=== Begin Enclosure ===

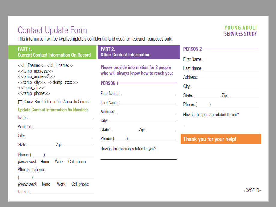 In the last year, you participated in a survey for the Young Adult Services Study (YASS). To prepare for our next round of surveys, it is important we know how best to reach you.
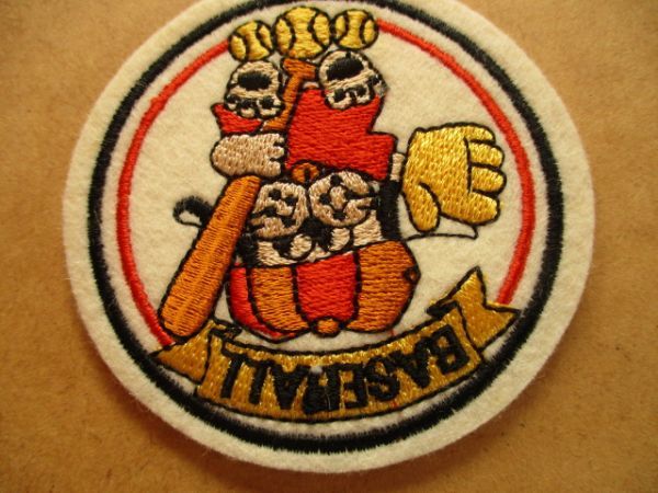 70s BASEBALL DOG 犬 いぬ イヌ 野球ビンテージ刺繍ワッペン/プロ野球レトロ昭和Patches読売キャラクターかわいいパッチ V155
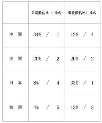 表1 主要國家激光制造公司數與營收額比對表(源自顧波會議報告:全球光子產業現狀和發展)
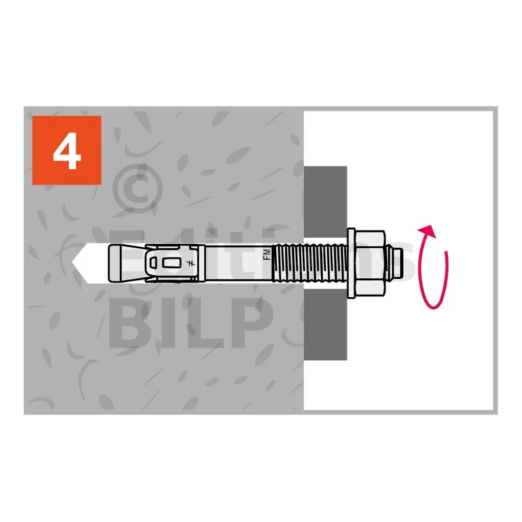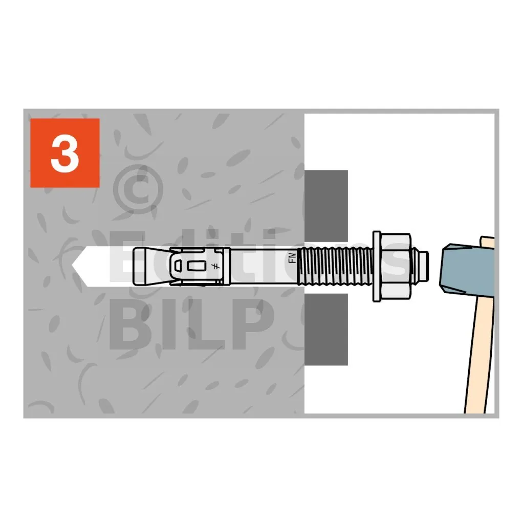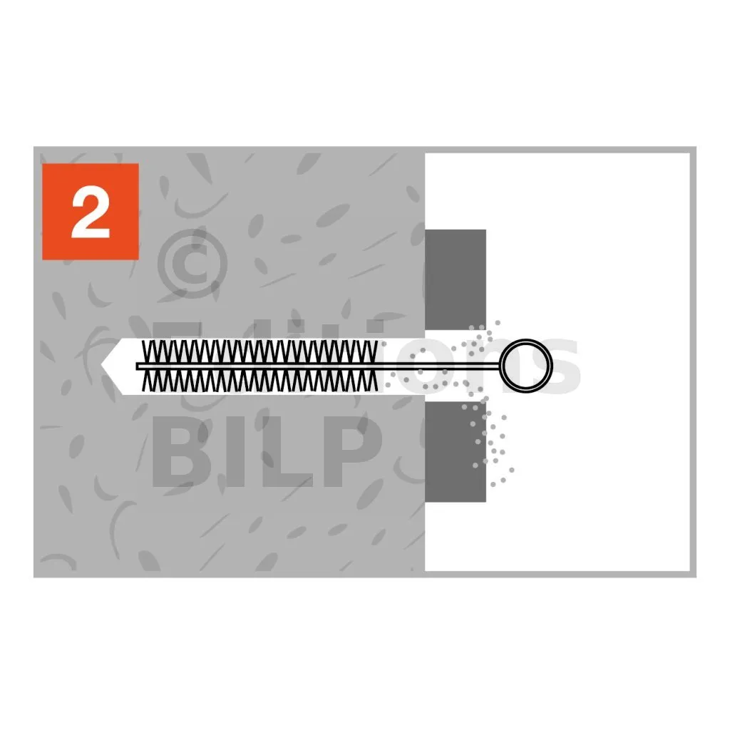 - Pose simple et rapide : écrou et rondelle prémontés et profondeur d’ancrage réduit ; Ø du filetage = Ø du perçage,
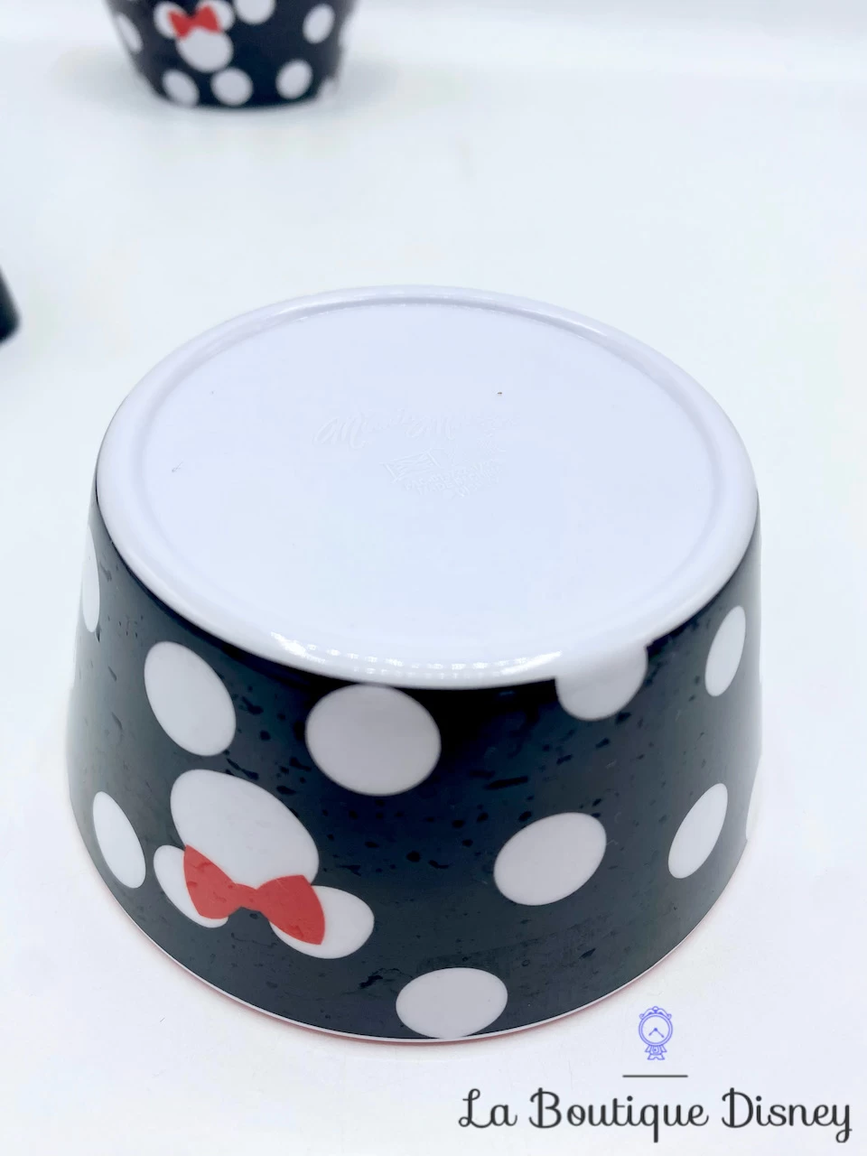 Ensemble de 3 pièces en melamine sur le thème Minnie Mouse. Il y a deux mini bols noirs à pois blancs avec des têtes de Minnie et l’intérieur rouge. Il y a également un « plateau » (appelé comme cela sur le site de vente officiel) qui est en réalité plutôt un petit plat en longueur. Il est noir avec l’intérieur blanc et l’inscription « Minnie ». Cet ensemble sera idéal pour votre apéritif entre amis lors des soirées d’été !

=== End Enclosure ===
=== Begin Enclosure ===

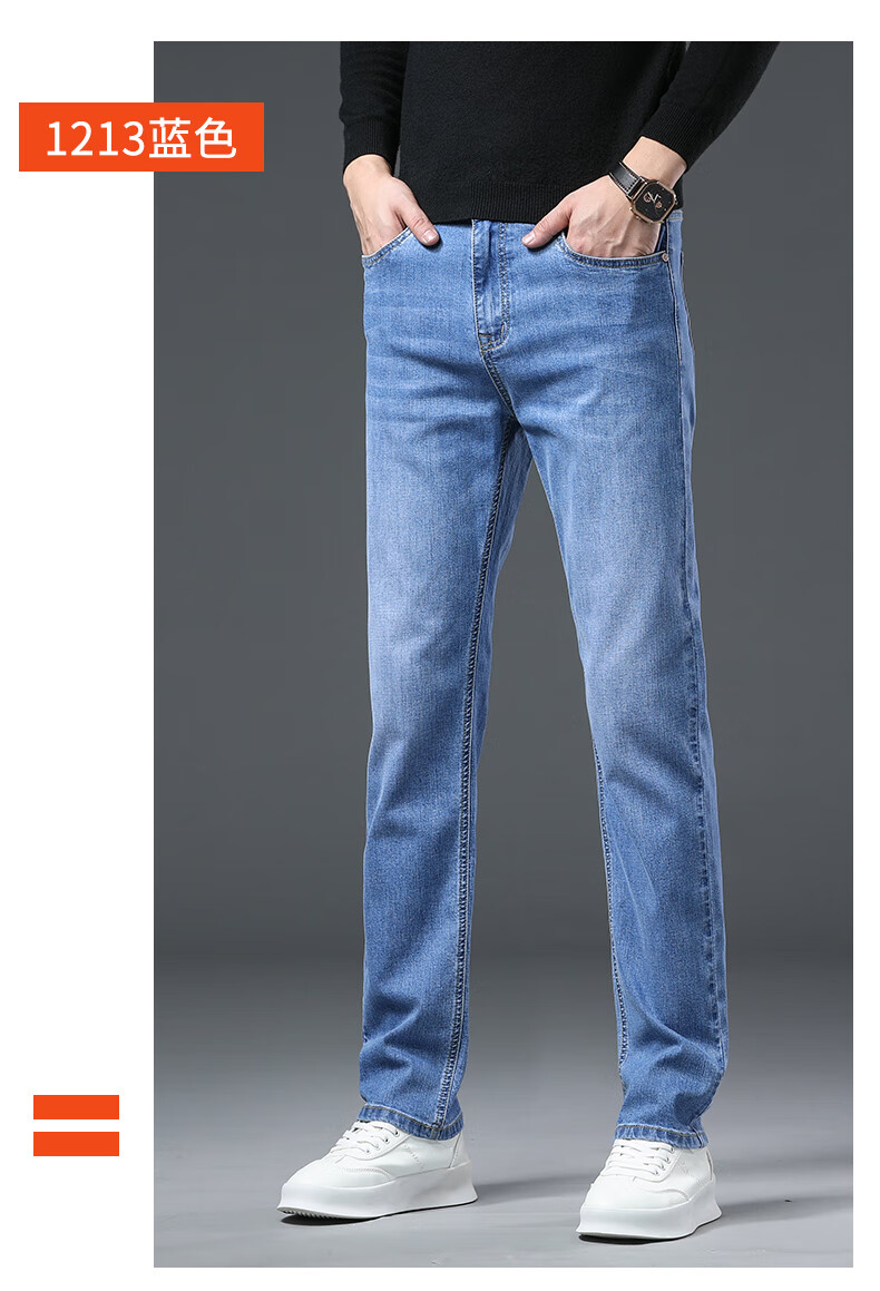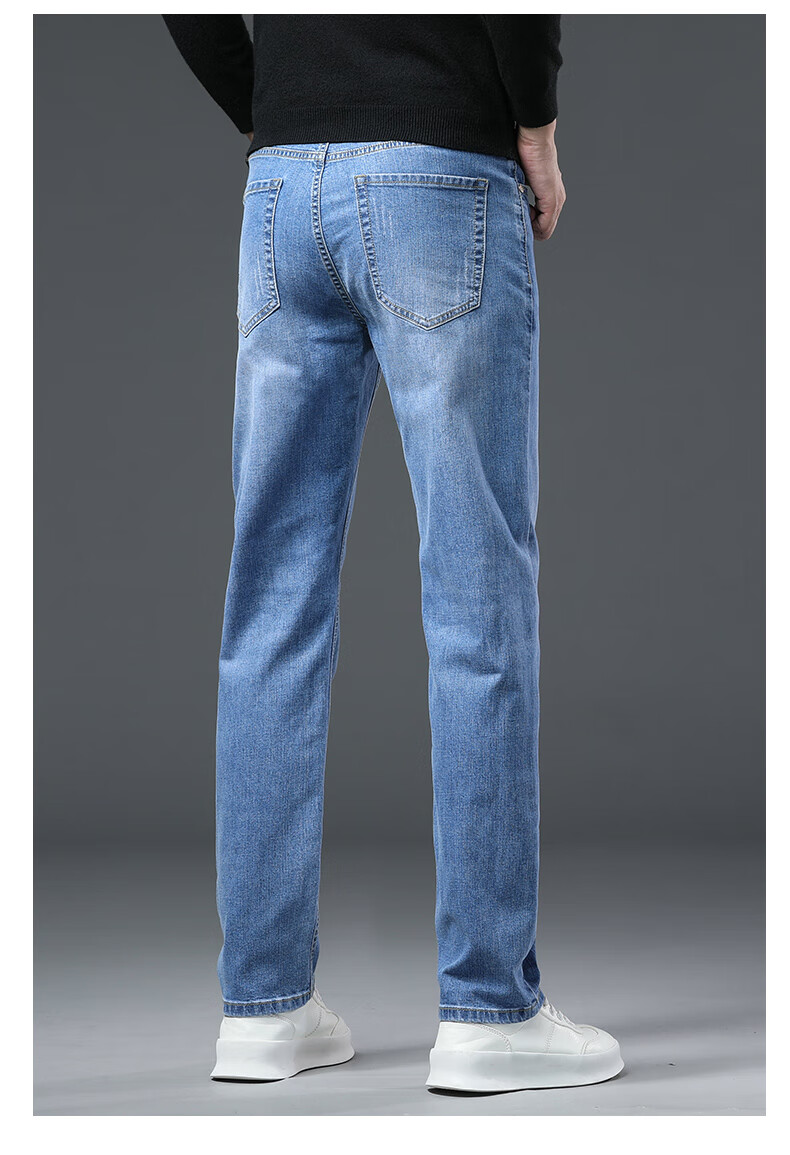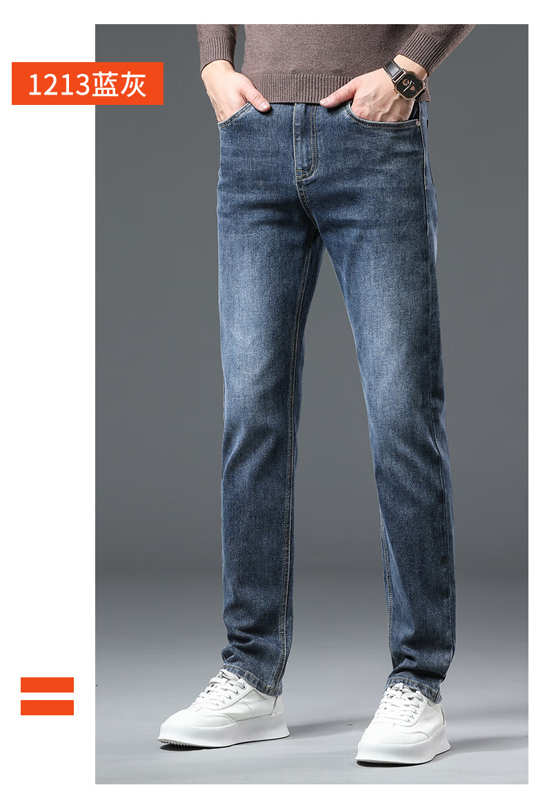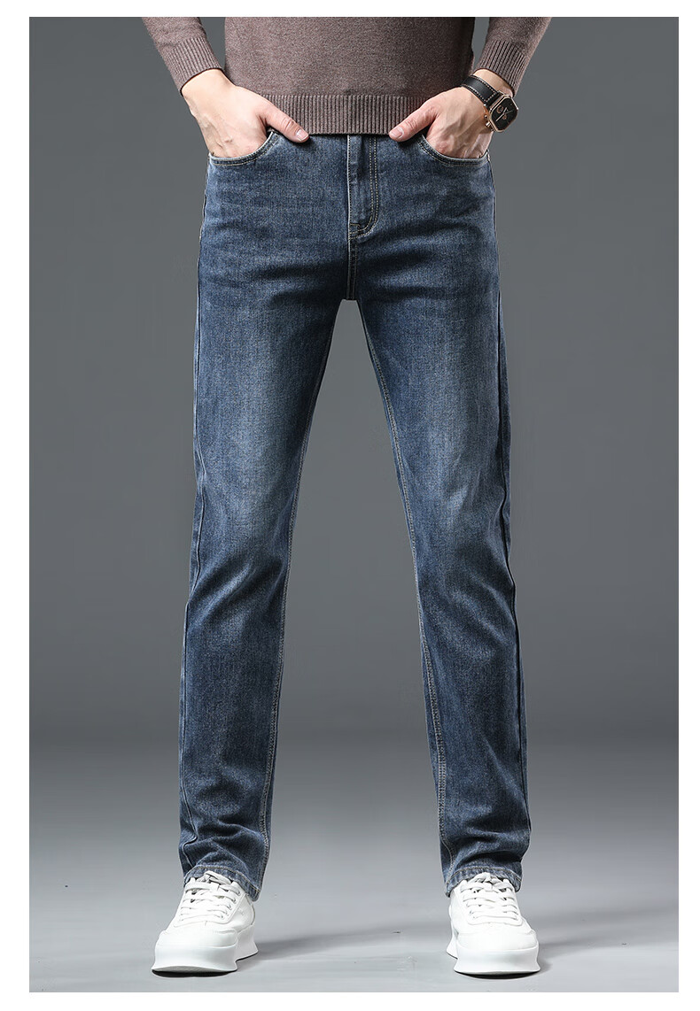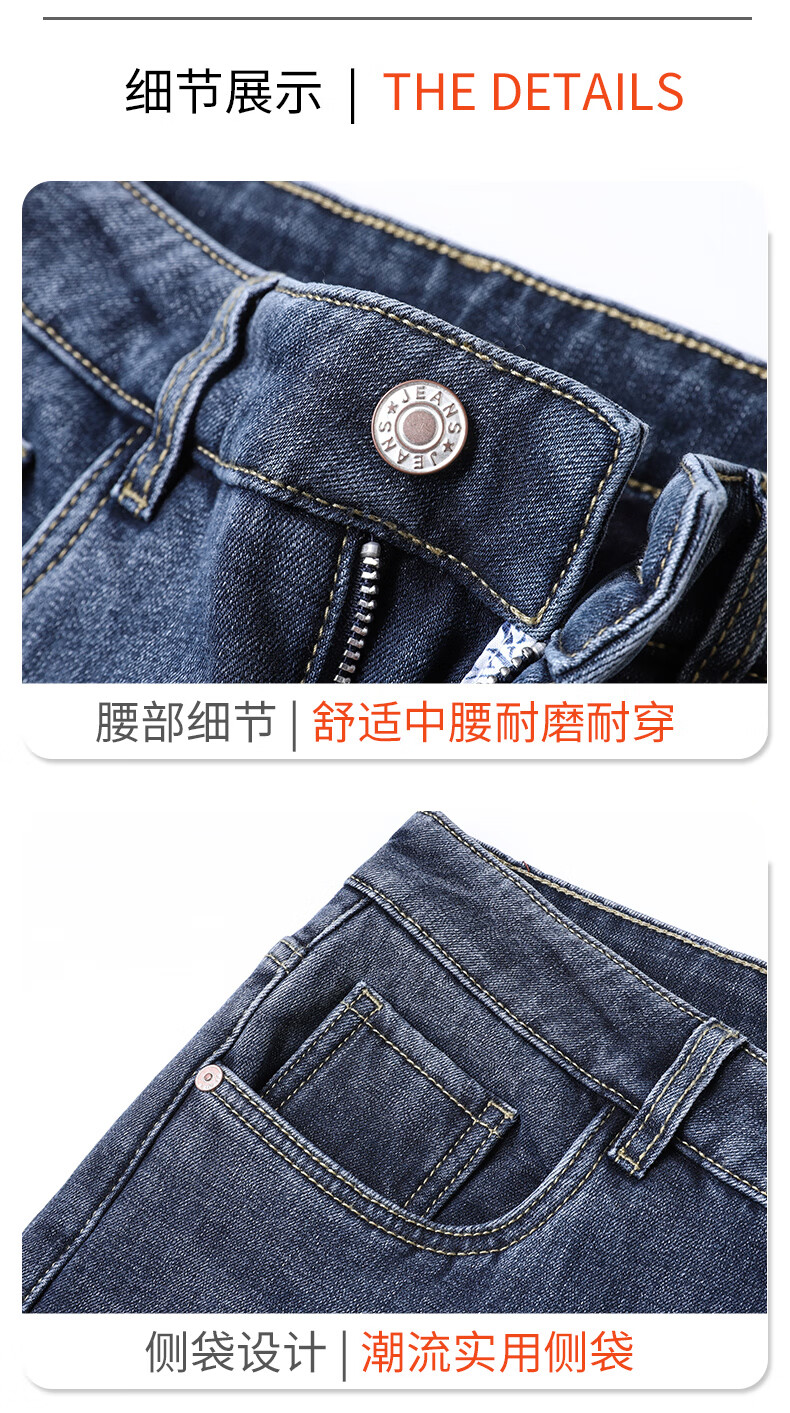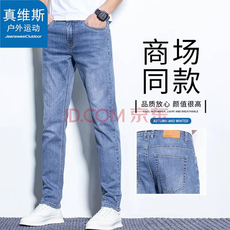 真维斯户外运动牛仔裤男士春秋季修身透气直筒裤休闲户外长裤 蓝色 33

=== End Enclosure ===

> What is expected: What you return from the records above should be exactly everything from the line with "In the last" down to the line with "Ensemble de 3", both kept, and no pictures.

> Result of this task:
 In the last year, you participated in a survey for the Young Adult Services Study (YASS). To prepare for our next round of surveys, it is important we know how best to reach you.
 70s BASEBALL DOG 犬 いぬ イヌ 野球ビンテージ刺繍ワッペン/プロ野球レトロ昭和Patches読売キャラクターかわいいパッチ V155
 表1 主要國家激光制造公司數與營收額比對表(源自顧波會議報告:全球光子產業現狀和發展)
 - Pose simple et rapide : écrou et rondelle prémontés et profondeur d’ancrage réduit ; Ø du filetage = Ø du perçage,
 Ensemble de 3 pièces en melamine sur le thème Minnie Mouse. Il y a deux mini bols noirs à pois blancs avec des têtes de Minnie et l’intérieur rouge. Il y a également un « plateau » (appelé comme cela sur le site de vente officiel) qui est en réalité plutôt un petit plat en longueur. Il est noir avec l’intérieur blanc et l’inscription « Minnie ». Cet ensemble sera idéal pour votre apéritif entre amis lors des soirées d’été !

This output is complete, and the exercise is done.